Der 1942 als massive Stahlbetonkonstruktion für die Reichsbahn errichtete Luftschutzbunker sollte Passagieren und Reisenden, die sich auf dem Bahnhof Friedrichstrasse aufhielten, Schutz bieten. Das heute denkmalgeschützte Gebäude geht auf eine Musterplanung von Karl Bonatz zurück.

Das funktional strukturierte Gebäude hatte ca. 3000 Sitzplätze auf fünf Etagen verteilt. Die innere räumliche Struktur ist axial symmetrisch aufgebaut, von 1,80m dicken Außenwänden und einer 3 Meter starken Stahlbetondecke umhüllt.

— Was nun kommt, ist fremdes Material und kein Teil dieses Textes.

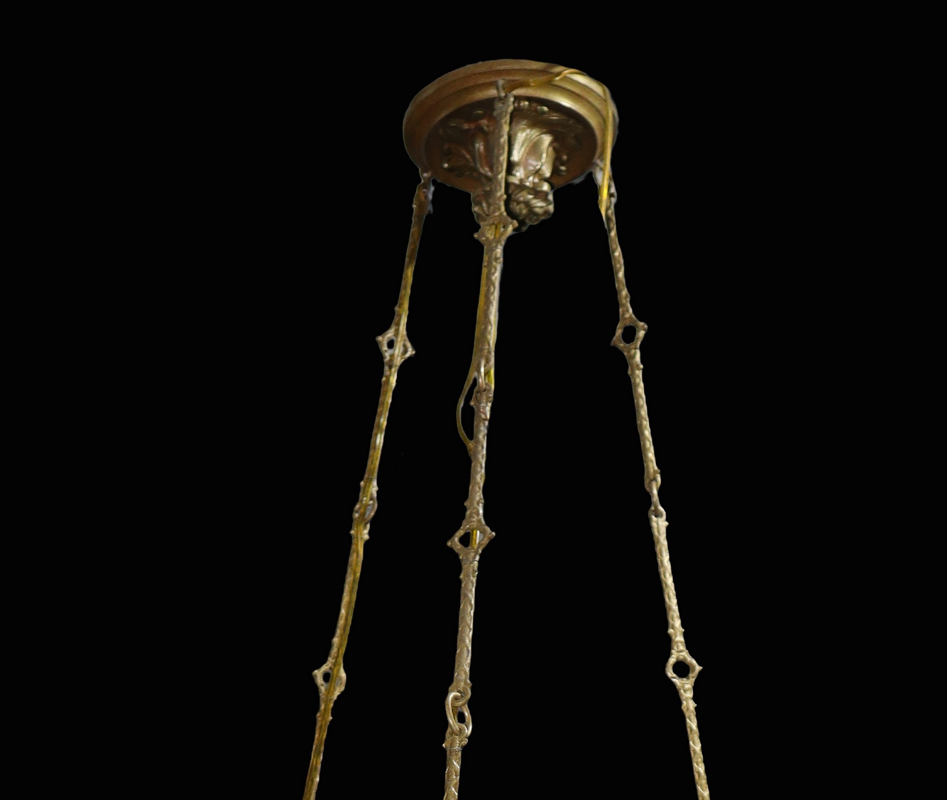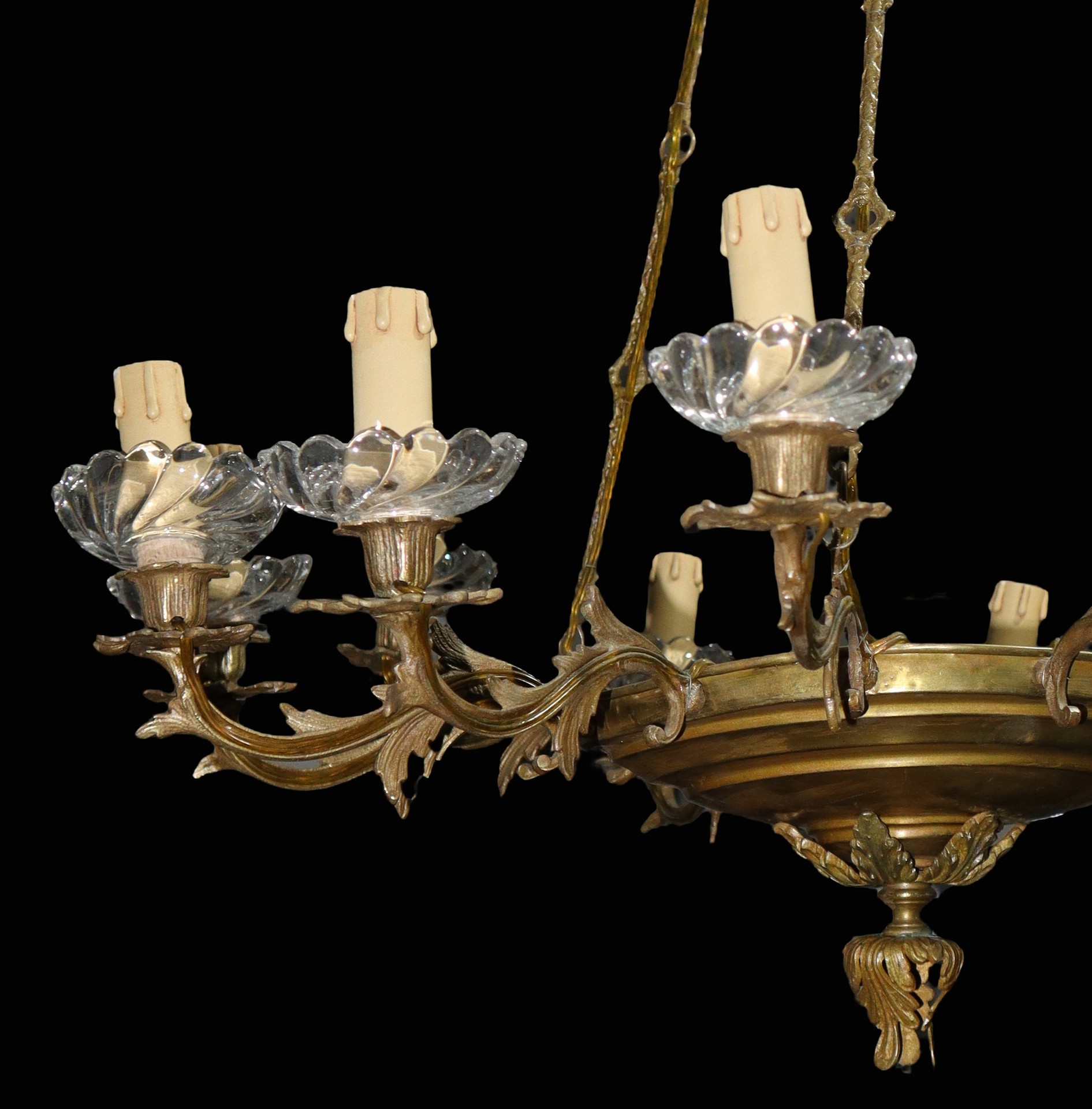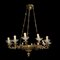 Lampadario a 12 luci in metallo dorato e piattini in vetro , Late 19° secolo

Durch die auf allen vier Seiten vorhandenen zwei Zugänge mit den dazugehörenden, ineinander geschachtelten Doppel-Treppenanlagen konnte eine große Anzahl von Menschen in kürzester Zeit in den Bunker gelangen.

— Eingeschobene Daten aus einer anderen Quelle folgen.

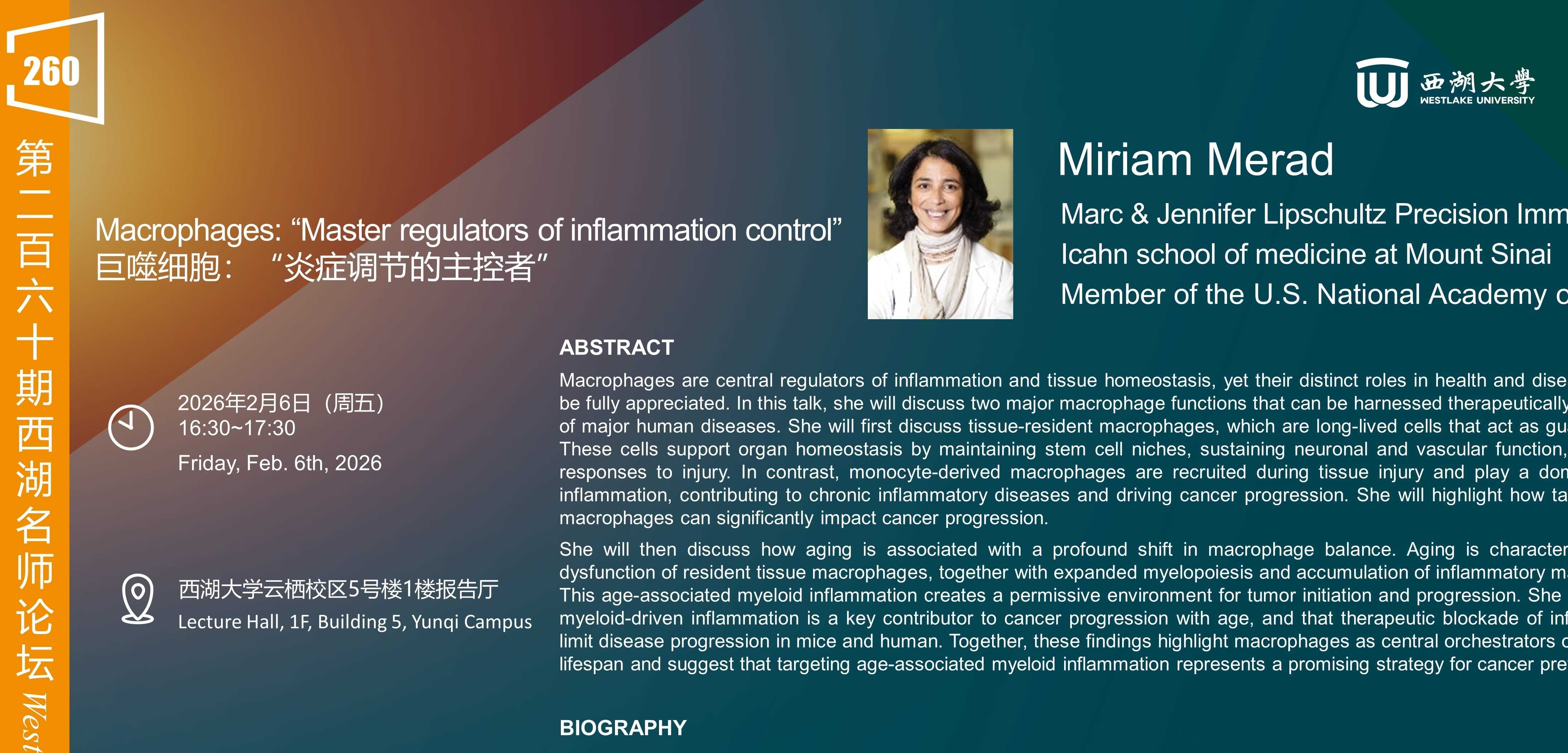 西湖名师论坛第260期 / 西湖医学大讲堂第24期 Miriam Merad: Macrophages: "Master regulators of inflammation control"

Nach dem Krieg wurde das Gebäude umgebaut und diente als Gemüselager. Nach dem Mauerfall wurde es bis Mitte der neunziger Jahre als Club, später temporär für Ausstellungen genutzt.

Christian Boros erwirbt den Bunker 2003 und gemeinsam mit den Architekten beginnen die Planungen für einen Ort, an dem er mit seiner Familie, wie mit seiner Kunstsammlung wohnen und leben kann.

Die vorhandenen Räume im Inneren des Bunkers schienen in ihrer vorgefundenen Einfachheit zur Bespielung mit der Sammlung zeitgenössischer Kunst des Bauherrn geeignet. Auf allen fünf Geschossen erschloss ein durchgehender Rundgang je acht Kojen und einen Kranz von kleineren Räumen. Durch die strenge Symmetrie und Gleichartigkeit aller Räume, ergab sich ein Gefühl der Orientierungslosigkeit.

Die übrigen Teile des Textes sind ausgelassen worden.